On today's program: Two researchers from Pittsburgh-based institutions found Black Americans are more likely to live further from a vaccine distribution site, and that racially-segregated neighborhoods have higher rates of COVID-19 fatality; The outgoing Allegheny County Department of Human Services director Marc Cherna talks about the department he inherited, and what he’s leaving behind; and Rob Rossi from The Athletic breaks down the Penguins’ new management hires.
Pittsburgh-based researchers find racial disparities tied to COVID-19 pandemic
(0:00 — 5:34)
There’s been widespread reporting about where and how people can access COVID-19 vaccinations.
A new study by University of Pittsburgh researchers finds that in many parts of our nation, Black Americans are less likely than whites to live within a mile of a facility that could administer the vaccine.
“If you look at the map, there actually, within urban areas, aren’t any Black neighborhoods that are more than a mile from a potential vaccination site,” says WESA’s health reporter Sarah Boden. The issue, researchers found, is in regions that are more rural. “I would be really curious, once the vaccine becomes more widely available, which health clinics and pharmacies actually receive vaccinations.”
Boden explains that a White House senior advisor on the COVID-19 response told NPR vaccines must chase people.
“In areas where there aren’t many nearby locations for vaccinations, people in those areas are less likely to get vaccinated,” says Boden.

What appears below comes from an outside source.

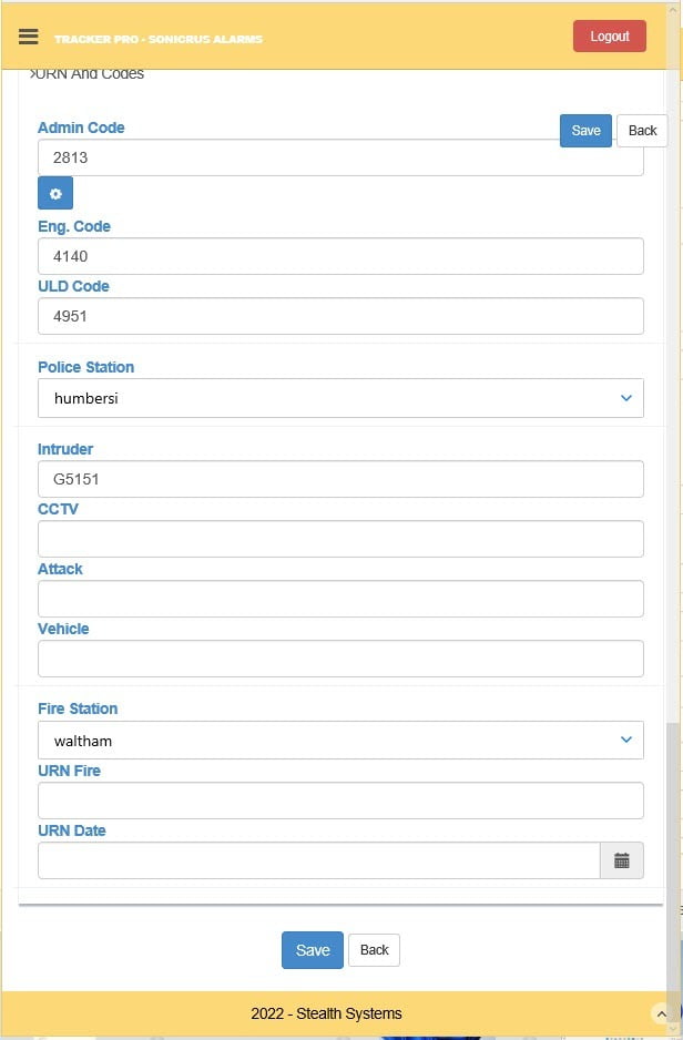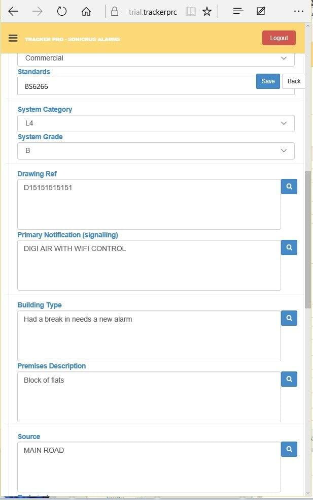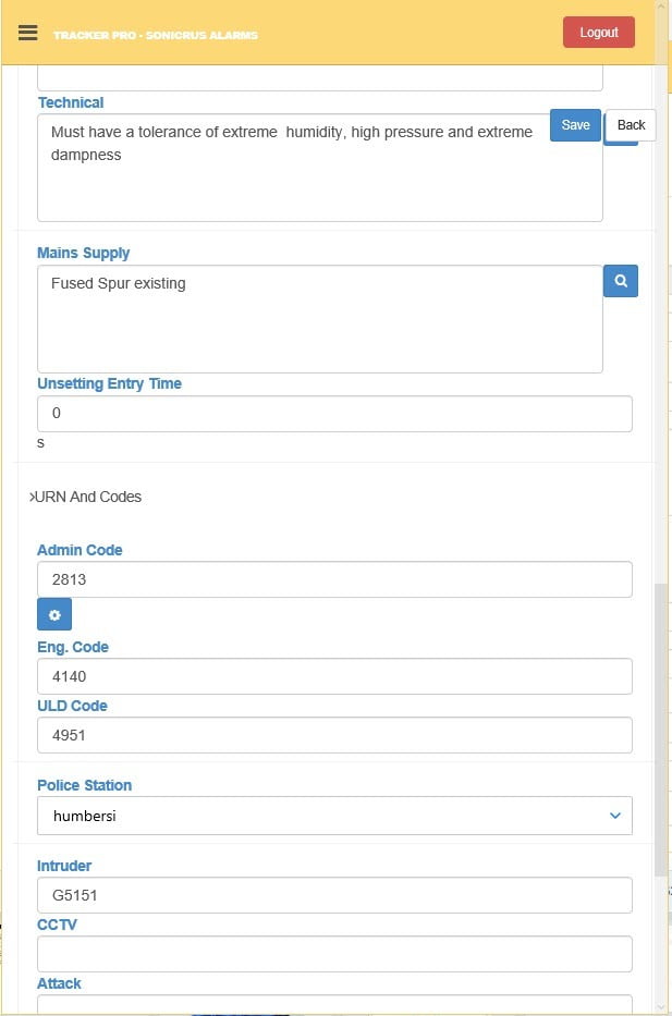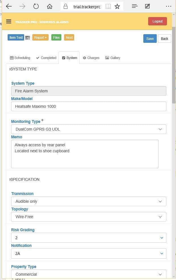 This allows users to view, access and update the system type, panel make and model, any important memo notes about the system, communicator type, URN numbers, engineer access codes plus other specification details. This data is saved with no need for back Office update work and can be used as part of a Quotation or as part of installation details update.

People in those areas, she says, are also less likely to have access to reliable transportation. “So, the physical barriers are real.”
Boden says Allegheny County Health Department and other systems say they are working to ensure hard to reach communities have access.

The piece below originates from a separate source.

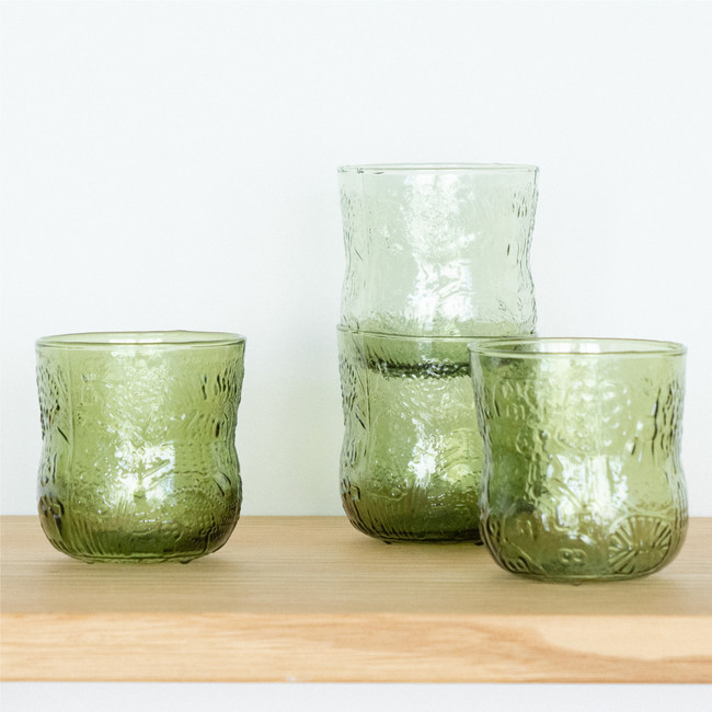 フィンランド語で”モミの木”という名前がついたこちらは、12角形のフォルムが特徴的なiittalaのタンブラーです。1981〜88年の間に作られたシリーズです。実はモミの木の本数にも、こだわりが潜んでいるそう。大・中・小の3サイズがあります。

Duquesne University researchers also found a correlation between the rates of COVID-19 fatality and the racial and socioeconomic segregation in a community.

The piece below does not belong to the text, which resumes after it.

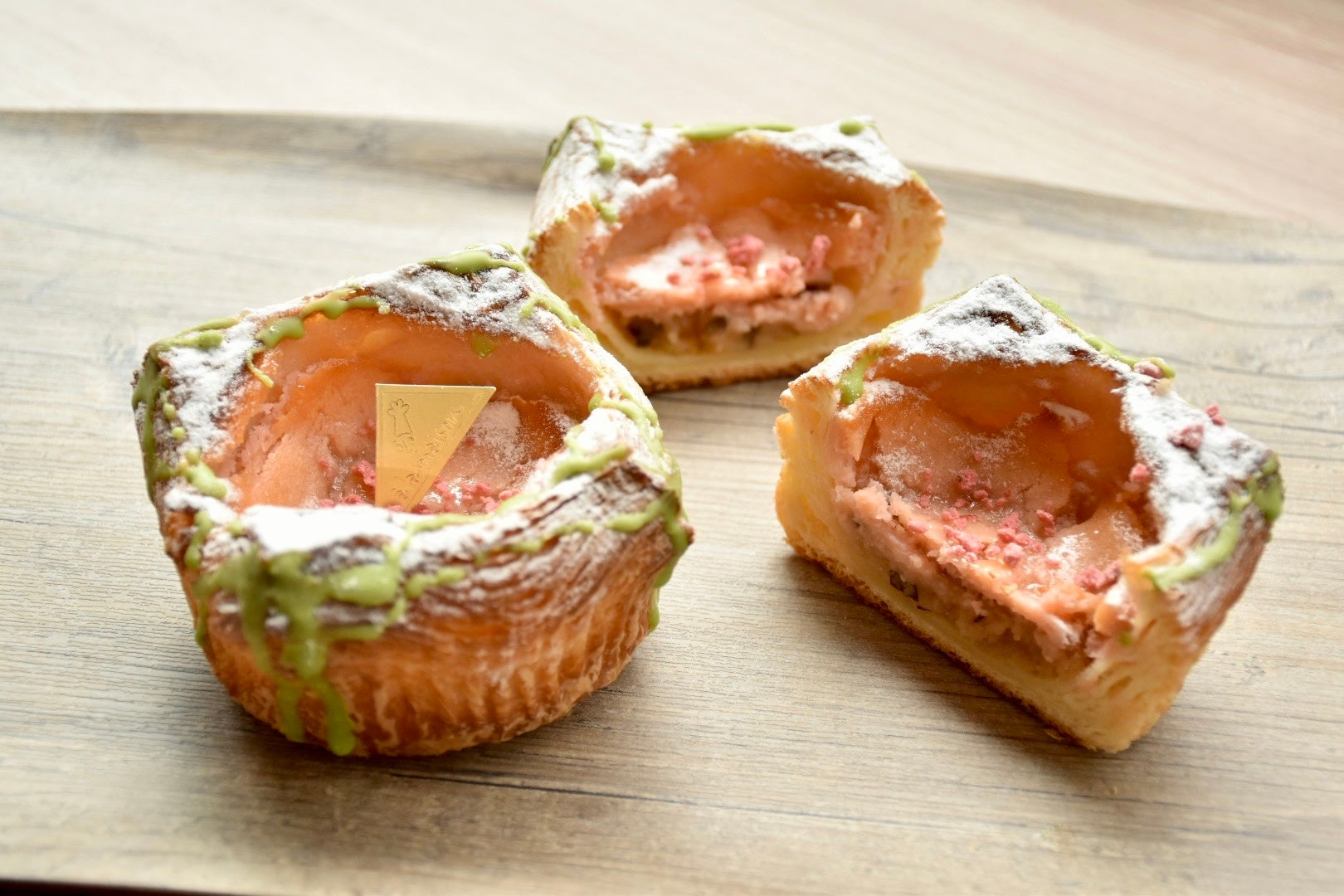 桜ペースト入りクリーム、アクセントに桜の葉を加えたアーモンドクリーム、桜ペーストを加えたクリームチーズが層になったデニッシュ。仕上げに抹茶のチョコレートと粉糖をあしらいました。パイ生地のサクサク食感とクリームの味の層が楽しい一品です。

“Counties where 10% of their Black population was in racially segregated neighborhoods, for every 10% increase of that, there was 11% increase in COVID-19 death,” says Boden. “For every 10% increase in socioeconomic segregation in counties, there was a 14% increase in COVID-19 fatalities.”
“We can measure disparity and predict an area’s level of risk, which hopefully will influence where resources are deployed.”
Pittsburgh Penguins hired a general manager and a new president of hockey operations
(5:36 — 12:35)
The Pittsburgh Penguins ended their search for a new general manager this week, and actually landed two big names in hockey: Ron Hextall as general manager and Brian Burke as president of hockey operations
“Sources have told me that the only way to view these moves are as Mario moves,” says Rossi, referencing owner Mario Lemieux. “Not only is he one of the majority co-owners, but he’s one of the few guys in this world that anybody from hockey would pick up the phone when he calls.”
The Penguins also brought on former Toronto and Anaheim general manager Brian Burke as head of hockey operations.
Rossi says there was some indication this job was being developed. “I had not heard they were looking to do that immediately, that might be something that they thought about based on their interviews with these candidates,” says Rossi.
Burke, Rossi says, is a Lemieux confidant, and someone from which Lemieux sought advice. Burke will be something of a liaison between management and Hextall and the team.
“The Penguins want Ron Hextall to help them, by next season, become a cup contender again, but also not at the complete expense of the future,” says Rossi.
Marc Cherna leaves the county Department of Human Services in better shape than he found it
(12:38 — 18:00)
Marc Cherna will retire from leading Allegheny County’s Department of Human Services next month. He’s overseen seismic changes since joining the department in 1997.
When he arrived, Allegheny County’s child welfare agency was in disarray. It had a 40% turnover rate, huge caseloads for social workers, a massive adoption backlog, and deep financial problems.